■ **Problem to work on**
Repeat each entry word for word; the images are not part of the copy.

■ **Records drawn from a dataset**
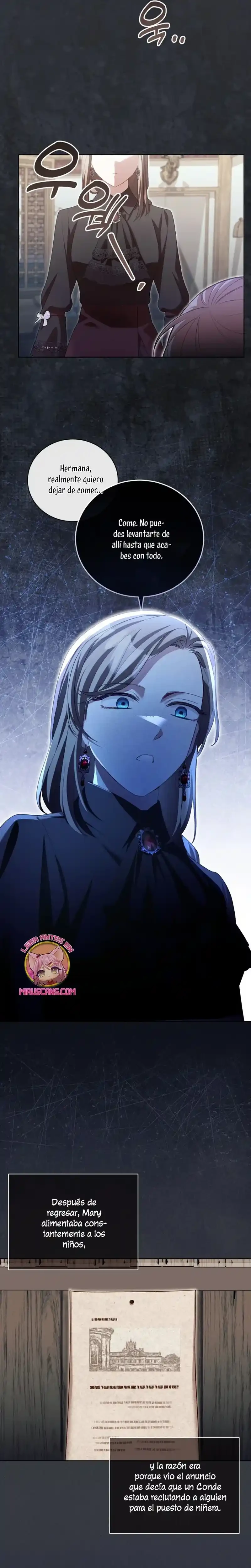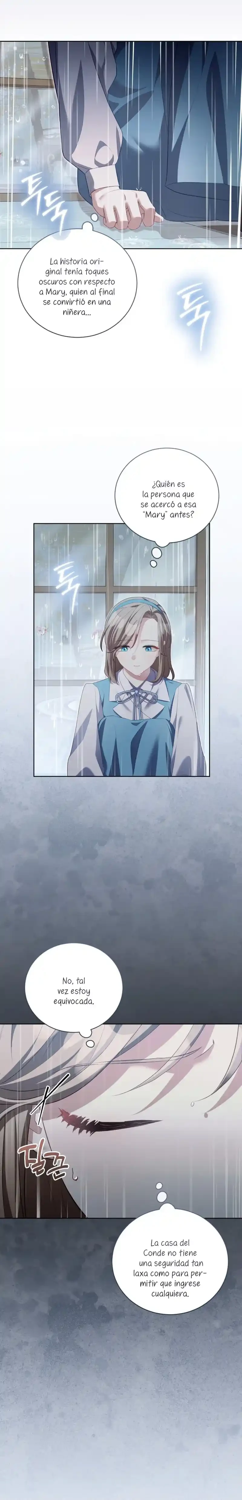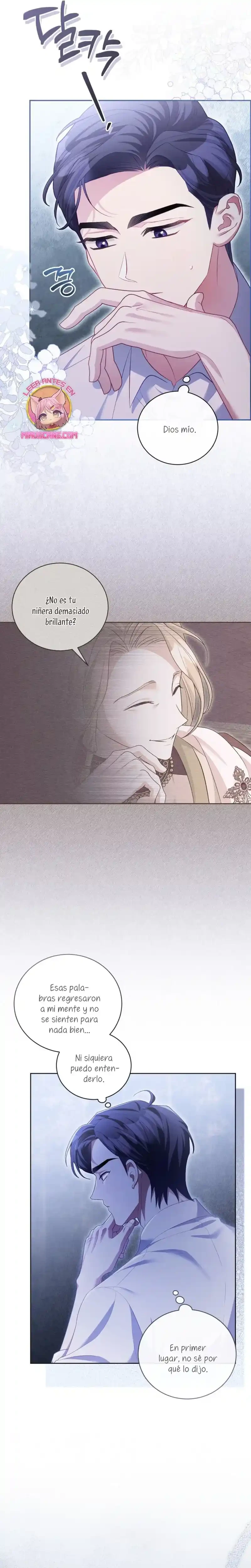Cuando abrí los ojos, me había convertido en Marie, la niñera del libro. Y lo que es más, ¡me habían asignado el papel de matar al joven amo al que se suponía que debía cuidar, Brielle...! «¿Qué será de Brielle si me voy? Seguro que no morirá...». Sí, tal vez vine aquí para salvar a Brielle después de todo. Gracias a mi experiencia previa como maestra de guardería, salvé a Brielle, y yo misma me estoy adaptando bien... ¡pero no puedo dejar de preocuparme por el tío de Brielle! Él era el villano en la historia original, así que ¿por qué está siendo tan amable? «Hermano, te extraño. Me pregunto si lo estoy criando bien». Un diario sobre el cuidado infantil con Kentrail, el tío que solo desea la felicidad de su sobrina. ¿Podrá este diario sobre el cuidado infantil terminar realmente con Brielle creciendo feliz? ¿Quién demonios ordenó a «Mari» que matara a Brielle?
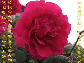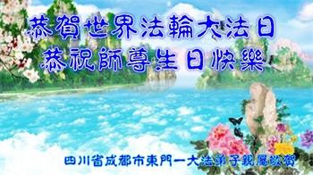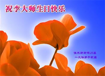 四川省成都市邛崃市大法学员春莲全家(明真相的家人)恭祝慈悲伟大的师尊生日快乐!
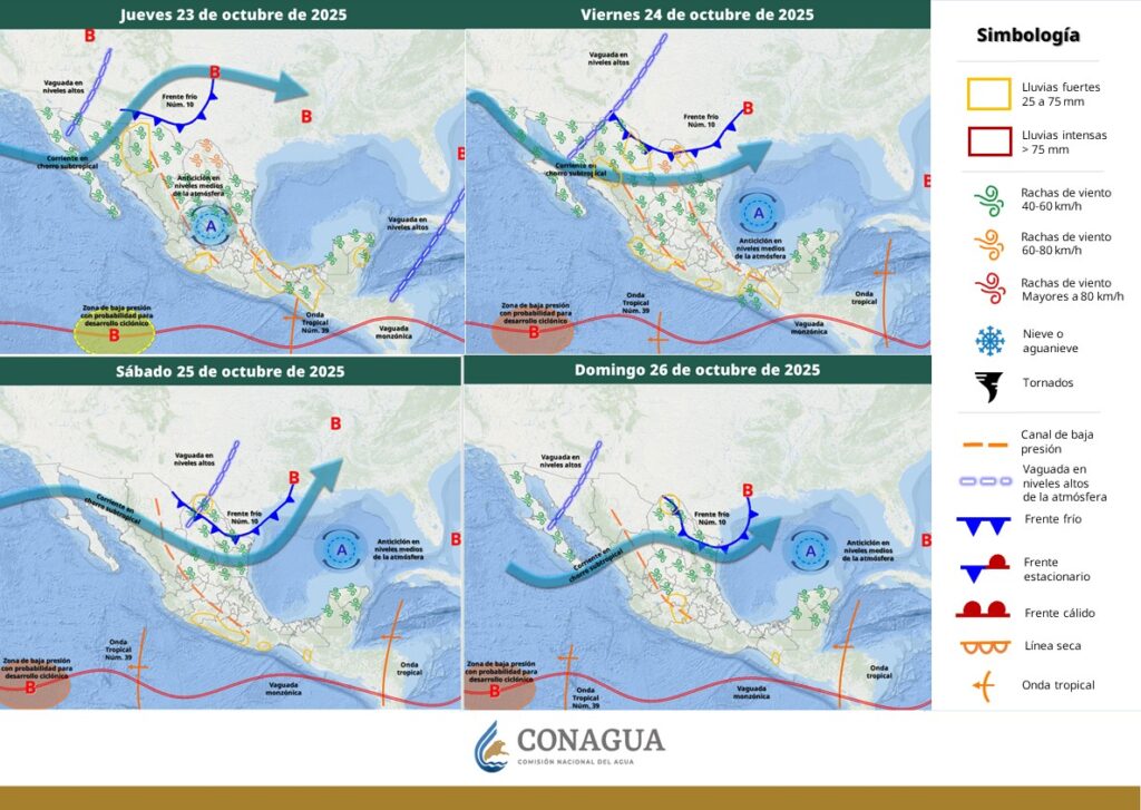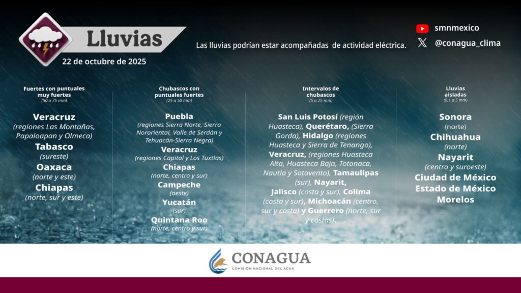 Pronostica chubascos con lluvias puntuales fuertes (de 25 a 50 mm) en Chihuahua (oeste), Michoacán (centro, oeste y sur), Veracruz (región Olmeca), Tabasco (oeste y sur), Oaxaca (noreste), Chiapas (norte, este y sur) y Quintana Roo (sur).
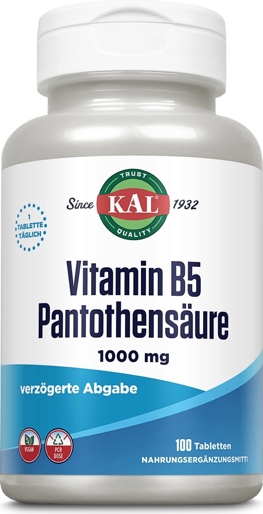 Vitamin B5 från KAL ger vitamin B5 och kalcium från kalcium-d-pantotenat med fördröjd frisättning.
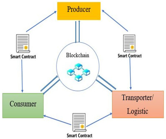 Our system model is discussed in this section. We define the traceable formal model for a food supply chain from farm to fork. The proposed model provides the secure system between different entities of the food supply chain system and uses the blockchain to handles all transaction records of the different events. The supply chain system consists of large entities that carry out the complete process of food manufacture and delivery of food products from farm to end users. That is why it is difficult to trace and track the whole procedure. To achieve the complete traceability, we use the unique identifier for food and record each transaction. To ensure privacy, only the authorized user can access the data and ensure that the authorized user carried out the transactions. In our proposed system, smart contracts are designed to show the interaction of different entities including the producer, transporter/logistics and consumer, as shown in Figure 2. Only registered users perform the specific transaction, and users who are not registered are not allowed to perform any transaction. Different entities are registered and interact by using smart contracts.
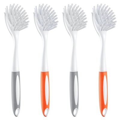 VEVOR Dish Brush, 4 Pack Kitchen Scrub Brushes with PP Handle, Dish Cleaning Brushes with Curved Bristles, 2 Gray + 2 Orange
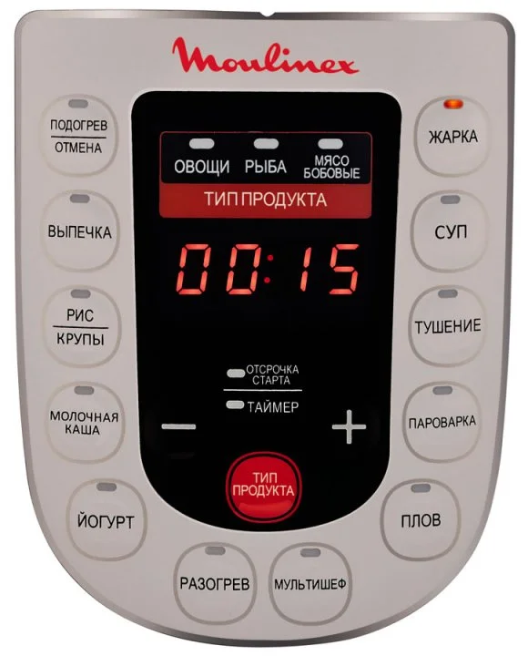 Дана модель мультиварки Moulinex пропонує 21 режим приготування страв, включаючи режим «Мультишеф», і можливість вибору типу продукту: м'ясо, риба або овочі. Керамічну чашу з високою зносостійкістю дуже просто мити, а завдяки можливості приготування під тиском жорсткі продукти готуються швидше, стають ніжніші, при цьому не втрачають своєї соковитості.
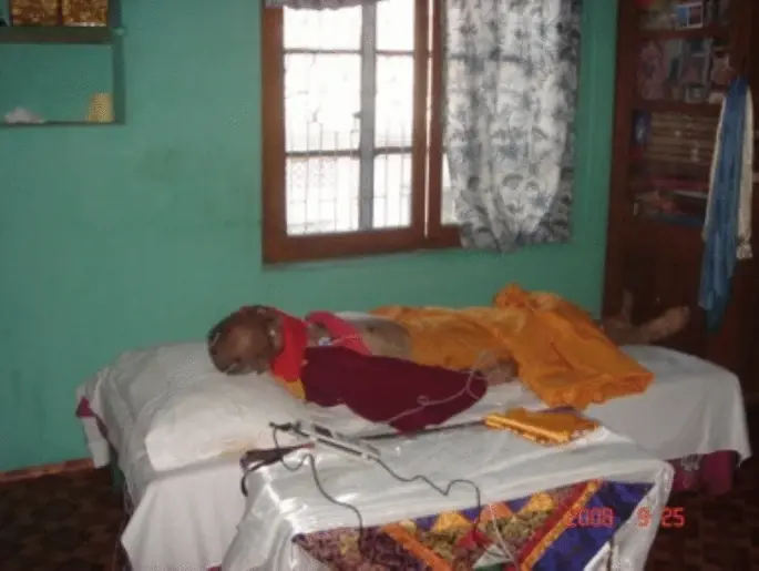 Тело Лобсанга Ринпоче не демонстрировало признаков разложения, гниения или изменения цвета и оставалось тёплым. Помимо беспокойства о корректной установке оборудования — поскольку это был наш первый участник исследования, — я был глубоко поражён тем, что наблюдал: продвинутый практик, сохранявший полную медитативную позу, чьё лицо и положение выглядели совершенно живыми, находился среди возбуждённой группы монахов, полностью поглощённых своими обязанностями, несмотря на то что он был клинически мёртв уже более недели.
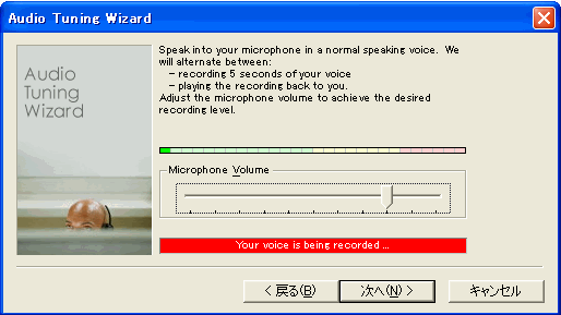 4. マイクのボリューム調整を行う。自動で5秒毎に録音と再生を繰り返しているので、下のアナウンス部分が赤(Your voice is being recorded...)のときに、しゃべってて録音し、再生音量を聴きながらマイクのボリューム調整を行う。完了したら「次へ」をクリックする。
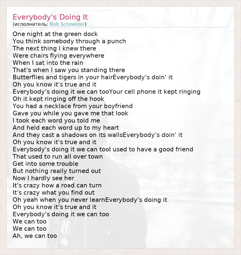 One night at the green dock You think somebody through a punch The next thing I knew there Were chairs flying everywhere When I sat into the rain That's when I saw you standing there Butterflies and tigers in your hairEverybody's doin' it Oh you know it's true and it Everybody's doing it we can tooYour cell phone it kept ringing Oh it kept ringing off the hook You had a necklace from your boyfriend Gave you while you gave me that look I took each word you told me And held each word up to my heart And they cast a shadows on its wallsEverybody's doin' it Oh you know it's true and it Everybody's doing it we can tooI used to have a good friend That used to run all over town Get into some trouble But nothing really turned out Now I hardly see her It's crazy how a road can turn It's crazy what you find out Oh yeah when you never learnEverybody's doing it Oh you know it's true and it Everybody's doing it we can too We can too We can too Ah, we can too
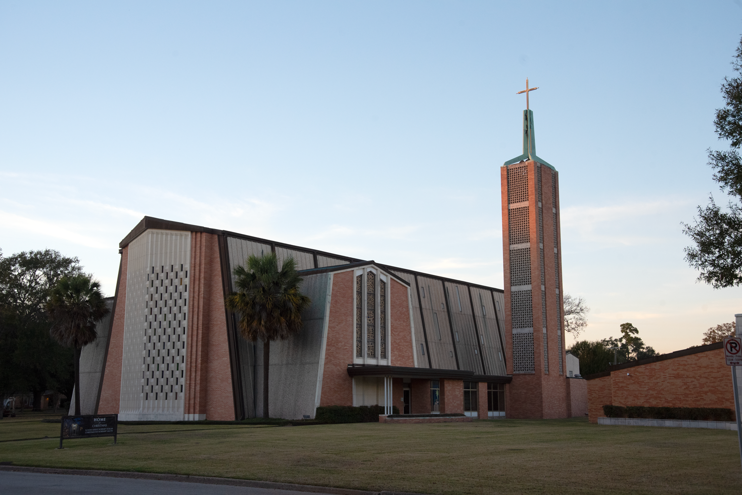 The sanctuary and campus were designed by Wallace B. Livesay and Tom B. Livesay, with Nuel B. Harmeson contributing to the sanctuary. Art glass windows by Odell Prather of Jacoby Studios add beauty and light, and the entry sculpture by Texas artist David Cargill remains a cherished feature. A west wing addition in 2001 continued Trinity’s legacy of thoughtful growth.
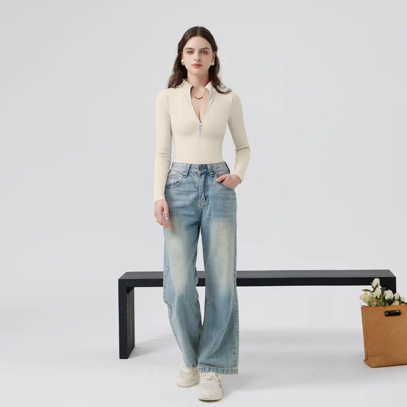 Bodysuits Sexy Ribbed One Piece Zip Front Long Sleeve Tops Bodysuits
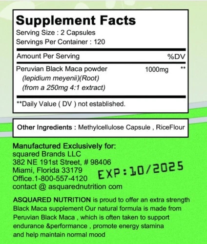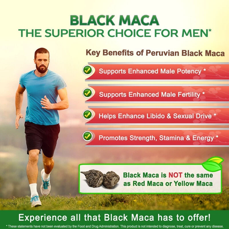 Effects: Energy & Endurance, Men's Health, Testosterone Booster Ingredients: Peruvian Black Maca Directions: Take 2 capsules once daily after a meal. Shipping: Ships within 48 hours on working days. Shelf life: 2 years Description: PREMIUM PERUVIAN BLACK MACA: Made with the highest quality pure organic, sustainably sourced Peruvian Maca root, these Black Maca root capsules are nutritionally concentrated and cleanly formulated to ensure efficient, safe use with dramatic results! [Energy and Performance Support] Maca root for men and women has amazing energy-boosting properties and rich amino acids, vitamins, and minerals, which helps increase endurance, support muscle growth and recovery, and reduce fatigue. It is a must-have for athletes or fitness enthusiasts. Great workout supplement. BRAIN & MOOD SUPPORT: Nature's Own Black Maca Root pills not only help improve physical performance and strength, they also help support brain function. It is a great enhancer of optimal cognitive function as it helps increase mental clarity and focus, improves mood and memory, and promotes hormonal balance. Document
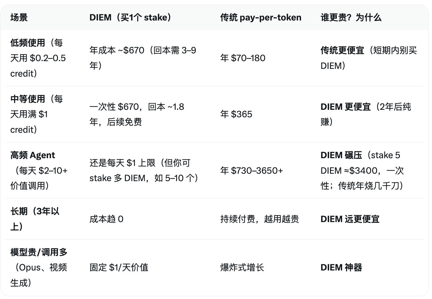 Dữ liệu trên cho thấy người dùng tần suất thấp hoàn toàn không cần mua DIEM. Đối với người dùng tần suất trung bình đến cao, những người cần chạy Agent và tạo ra lượng lớn nội dung mỗi ngày, chi phí cận biên sẽ tiếp tục giảm trong dài hạn, và IDEM có lợi thế rõ rệt.

■ **Expected answer**
Cuando abrí los ojos, me había convertido en Marie, la niñera del libro. Y lo que es más, ¡me habían asignado el papel de matar al joven amo al que se suponía que debía cuidar, Brielle...! «¿Qué será de Brielle si me voy? Seguro que no morirá...». Sí, tal vez vine aquí para salvar a Brielle después de todo. Gracias a mi experiencia previa como maestra de guardería, salvé a Brielle, y yo misma me estoy adaptando bien... ¡pero no puedo dejar de preocuparme por el tío de Brielle! Él era el villano en la historia original, así que ¿por qué está siendo tan amable? «Hermano, te extraño. Me pregunto si lo estoy criando bien». Un diario sobre el cuidado infantil con Kentrail, el tío que solo desea la felicidad de su sobrina. ¿Podrá este diario sobre el cuidado infantil terminar realmente con Brielle creciendo feliz? ¿Quién demonios ordenó a «Mari» que matara a Brielle?
 四川省成都市邛崃市大法学员春莲全家(明真相的家人)恭祝慈悲伟大的师尊生日快乐!
 Pronostica chubascos con lluvias puntuales fuertes (de 25 a 50 mm) en Chihuahua (oeste), Michoacán (centro, oeste y sur), Veracruz (región Olmeca), Tabasco (oeste y sur), Oaxaca (noreste), Chiapas (norte, este y sur) y Quintana Roo (sur).
 Vitamin B5 från KAL ger vitamin B5 och kalcium från kalcium-d-pantotenat med fördröjd frisättning.
 Our system model is discussed in this section. We define the traceable formal model for a food supply chain from farm to fork. The proposed model provides the secure system between different entities of the food supply chain system and uses the blockchain to handles all transaction records of the different events. The supply chain system consists of large entities that carry out the complete process of food manufacture and delivery of food products from farm to end users. That is why it is difficult to trace and track the whole procedure. To achieve the complete traceability, we use the unique identifier for food and record each transaction. To ensure privacy, only the authorized user can access the data and ensure that the authorized user carried out the transactions. In our proposed system, smart contracts are designed to show the interaction of different entities including the producer, transporter/logistics and consumer, as shown in Figure 2. Only registered users perform the specific transaction, and users who are not registered are not allowed to perform any transaction. Different entities are registered and interact by using smart contracts.
 VEVOR Dish Brush, 4 Pack Kitchen Scrub Brushes with PP Handle, Dish Cleaning Brushes with Curved Bristles, 2 Gray + 2 Orange
 Дана модель мультиварки Moulinex пропонує 21 режим приготування страв, включаючи режим «Мультишеф», і можливість вибору типу продукту: м'ясо, риба або овочі. Керамічну чашу з високою зносостійкістю дуже просто мити, а завдяки можливості приготування під тиском жорсткі продукти готуються швидше, стають ніжніші, при цьому не втрачають своєї соковитості.
 Тело Лобсанга Ринпоче не демонстрировало признаков разложения, гниения или изменения цвета и оставалось тёплым. Помимо беспокойства о корректной установке оборудования — поскольку это был наш первый участник исследования, — я был глубоко поражён тем, что наблюдал: продвинутый практик, сохранявший полную медитативную позу, чьё лицо и положение выглядели совершенно живыми, находился среди возбуждённой группы монахов, полностью поглощённых своими обязанностями, несмотря на то что он был клинически мёртв уже более недели.
 4. マイクのボリューム調整を行う。自動で5秒毎に録音と再生を繰り返しているので、下のアナウンス部分が赤(Your voice is being recorded...)のときに、しゃべってて録音し、再生音量を聴きながらマイクのボリューム調整を行う。完了したら「次へ」をクリックする。
 One night at the green dock You think somebody through a punch The next thing I knew there Were chairs flying everywhere When I sat into the rain That's when I saw you standing there Butterflies and tigers in your hairEverybody's doin' it Oh you know it's true and it Everybody's doing it we can tooYour cell phone it kept ringing Oh it kept ringing off the hook You had a necklace from your boyfriend Gave you while you gave me that look I took each word you told me And held each word up to my heart And they cast a shadows on its wallsEverybody's doin' it Oh you know it's true and it Everybody's doing it we can tooI used to have a good friend That used to run all over town Get into some trouble But nothing really turned out Now I hardly see her It's crazy how a road can turn It's crazy what you find out Oh yeah when you never learnEverybody's doing it Oh you know it's true and it Everybody's doing it we can too We can too We can too Ah, we can too
 The sanctuary and campus were designed by Wallace B. Livesay and Tom B. Livesay, with Nuel B. Harmeson contributing to the sanctuary. Art glass windows by Odell Prather of Jacoby Studios add beauty and light, and the entry sculpture by Texas artist David Cargill remains a cherished feature. A west wing addition in 2001 continued Trinity’s legacy of thoughtful growth.
 Bodysuits Sexy Ribbed One Piece Zip Front Long Sleeve Tops Bodysuits
 Effects: Energy & Endurance, Men's Health, Testosterone Booster Ingredients: Peruvian Black Maca Directions: Take 2 capsules once daily after a meal. Shipping: Ships within 48 hours on working days. Shelf life: 2 years Description: PREMIUM PERUVIAN BLACK MACA: Made with the highest quality pure organic, sustainably sourced Peruvian Maca root, these Black Maca root capsules are nutritionally concentrated and cleanly formulated to ensure efficient, safe use with dramatic results! [Energy and Performance Support] Maca root for men and women has amazing energy-boosting properties and rich amino acids, vitamins, and minerals, which helps increase endurance, support muscle growth and recovery, and reduce fatigue. It is a must-have for athletes or fitness enthusiasts. Great workout supplement. BRAIN & MOOD SUPPORT: Nature's Own Black Maca Root pills not only help improve physical performance and strength, they also help support brain function. It is a great enhancer of optimal cognitive function as it helps increase mental clarity and focus, improves mood and memory, and promotes hormonal balance. Document
 Dữ liệu trên cho thấy người dùng tần suất thấp hoàn toàn không cần mua DIEM. Đối với người dùng tần suất trung bình đến cao, những người cần chạy Agent và tạo ra lượng lớn nội dung mỗi ngày, chi phí cận biên sẽ tiếp tục giảm trong dài hạn, và IDEM có lợi thế rõ rệt.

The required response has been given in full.